My father stepped in front of me. “Why don’t you go get Kristin.” He guided me from my hijacked recliner and toward the stairway. “Tommy, I was just getting myself a soda. What can I get for you?”
I started up the stairs but slowed to watch as the harbinger-of-doom looked at my prize stuffed pheasant. I was sure he smirked. What was that supposed to mean? I obviously couldn’t trust him down there. I stopped and shouted. “Kristin, your—” I couldn’t finish the sentence. Her what? Date? Boyfriend? Father of my future grandchildren? I felt nauseous. “Umm, someone’s here to see you.” I stormed into the kitchen.
My father was dumping a bag of chips into a serving bowl.

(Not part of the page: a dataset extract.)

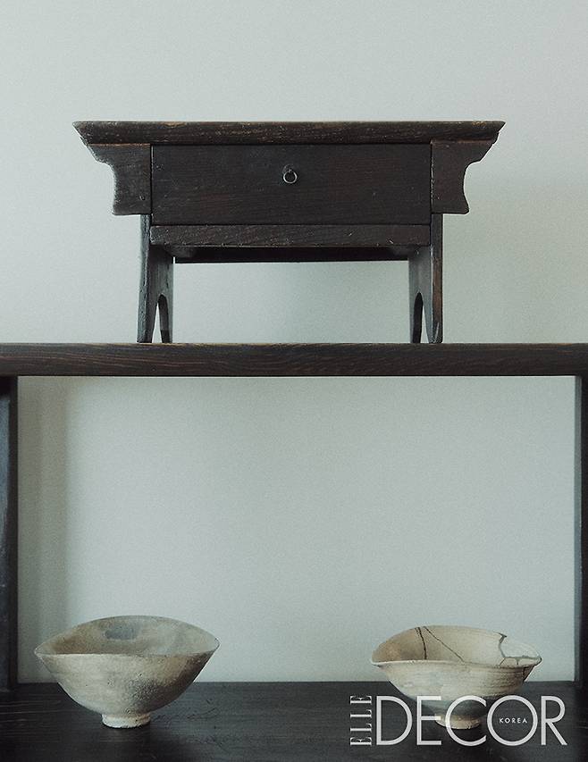 김민호가 무차별적인 수집과 실험 정신을 가진 편이기에, 옆에서 박현아는 그의 기질을 조금씩 통제하고 편집하는 역할을 하며 둘의 마음에 꼭 드는 사물만으로 지금의 공간을 채웠다. “유럽이나 미국 등 해외 디자이너의 아카이브 훑어보기를 좋아해서 그간 쌓아온 취향이 집에 반영되기도 했지만, 조금 더 의식적으로 한국의 사적인 공간을 참고하려고 노력했어요. 서구 것에 대한 오랜 관찰과 동경이 있었지만 아이러니하게도 한국 가구들이 더욱 생경하고 새롭게 느껴졌거든요.” 부부는 최순우, 김환기, 이순우, 유홍준의 집 등을 다시 한 번 깊이 관찰하고 되짚어보며 ‘구관이 명관’이라는 말을 체감했다.

“Did you see it? The tattoo? And I thought that hair went out in the 60s.” I looked out towards the living room then back to my father. “What a delinquent. He’s probably deflowering the vase as we speak.”
“Kristin speaks quite highly of him.”
“I pray for her future every day, I work two jobs to send her to a Christian university,” I rubbed my hand across my forehead, “and she brings home this—” I struggled for the word, “truck-stop reject?”

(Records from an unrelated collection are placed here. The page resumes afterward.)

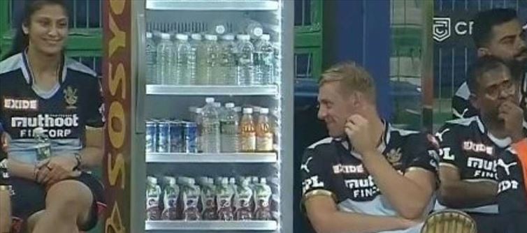 RCB bowler Kyle Jamieson was seen chuckling in the dugout during his side's batting innings, glancing at the team's massage therapist, Navnita Gautam. Although royal challengers Bangalore (RCB) succumbed against kolkata Knight Riders (KKR) by a comfortable margin, one of their players may have flown under the radar with one of the event's greatest bits. RCB were in trouble after losing four wickets before the midway point, with both virat kohli and ab de villiers returning to the pavilion.
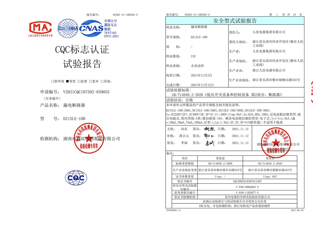 CQC试验报告(202111):DZ15LE-100漏电断路器(点击下载)
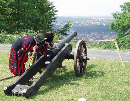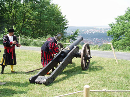 Der Landsknechtsverein "Verlorenes Fähnlein Altmeusebach" (Altmeusebach liegt zwischen Neustadt/Orla und Stadtroda in Thüringen) repräsentierte das 16. Jahrhundert und hatte sich mit einigen schönen Zelten und einem malerischen Lager unterhalb der Bärenbastei niedergelassen. Der Verein stellt eine Landsknechtsgruppe aus der Zeit Kaisers Karl V. dar, also etwa zwischen 1530 und 1550. Die mitgebrachten Geschütze waren allerdings von der Bauart mehr gegen Ende des 16. Jahrhunderts, also etwas jünger einzustufen. Die Kanonen und auch die meisten der mitgebrachten Waffen stammten aus der Werkstatt von Dieter Schulze aus Altmeusebach, unter Insidern der Reenactment Szene als absoluter Könner im Nachbau historischer Waffenrepliken bekannt. Allerdings hätte sich mancher bei den Vorführungen, anstatt einiger Worthülsen im Pseudo-Mittelalterdeutsch, einige detailliertere Erklärungen zu Artillerie, Waffen und Charakteristik der repräsentierten Epoche erwartet. Aber was soll's? - den meisten Besuchern hats gefallen, und nach dem Motto: "ein Bild sagt mehr als 1000 Worte" kamen die Zuschauer in Punkto Optik und Geräuschkulisse dennoch auf ihre Kosten.
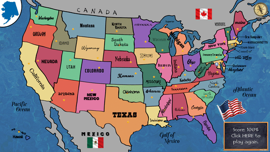 An educational game to make learning the name, location, and capitol of the fifty states of the Unites States of America fun.
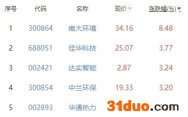 其中,南大环境、佳华科技、达实智能、中兰环保、华通热力位列板块涨幅前五位,涨幅分别为8.48%、3.77%、3.24%、3.20%、3.20%。
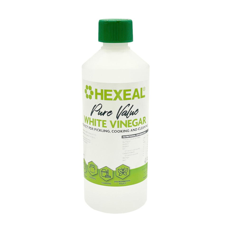 Hexeal Pure Value White Vinegar 500ml - 500ml Bottle of Food Grade White Vinegar for Cooking, Cleaning, Pickling & Baking Cleans Surfaces, Deodorise

He placed his hand on my shoulder and smiled. “Son, I’m proud of the job you’ve done since her mother passed. You’ve a right to be protective, but learn to let go. Like I had to do with you.” He handed me the bowl. “Now go get to know him a bit. He’s probably not so bad after all.”

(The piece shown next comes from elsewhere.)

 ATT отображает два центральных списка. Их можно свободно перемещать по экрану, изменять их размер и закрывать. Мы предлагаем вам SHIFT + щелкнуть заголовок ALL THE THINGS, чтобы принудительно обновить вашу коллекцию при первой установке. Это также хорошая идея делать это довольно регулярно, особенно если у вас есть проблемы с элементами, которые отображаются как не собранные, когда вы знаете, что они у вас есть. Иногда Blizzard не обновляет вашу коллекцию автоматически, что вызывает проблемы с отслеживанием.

I carried the chips into the living room. My father was right. Kristin had always shown good judgment with her friends. I needed to give Tommy a chance. “So, what are you studying in college?”
“I’m getting into gynecology.”
My left eye began to twitch.
Gynecology?
Was he smirking again? At me?
He wasn’t going to be doing his homework with my daughter if I could help it. I reached behind the sofa and opened my gun case. I pulled out my twelve gauge. “You ever do any shooting, Tommy? I like shooting.” The corners of my mouth stretched upward.
He dropped his chips. The smirk vanished. “Uh,” his eyes fixed on the steel I held, “where—where do you shoot?”
“Mostly around the house.” I stared at him, unblinking.
His jaw dropped.
My father entered with a tray of sodas.
“He’s a gynecologist, Dad. Kristin didn’t mention that.” I stood, my hands trembling. “And he‘s still in my recliner!”
Tommy jumped from the chair, his eyes wide. “I’m sorry, sir. I didn’t know.” He swallowed. “I want to be a medical missionary.”
My father lurched between us. “Now Bob—”
A soda can fell from the tray and exploded as it hit the floor making the sound of an echoing report.
Tommy’s face drained. He stumbled backward over the arm of the chair.
Kristin came down stairs. She looked so much like her mother that my eyes stung. She took Tommy’s hand and smiled at him, really smiled at him. Her eyes sparkled. She seemed so happy. “Is everything ok?”
So happy.
I set the gun into its case. “Yes, honey. Everything’s fine.”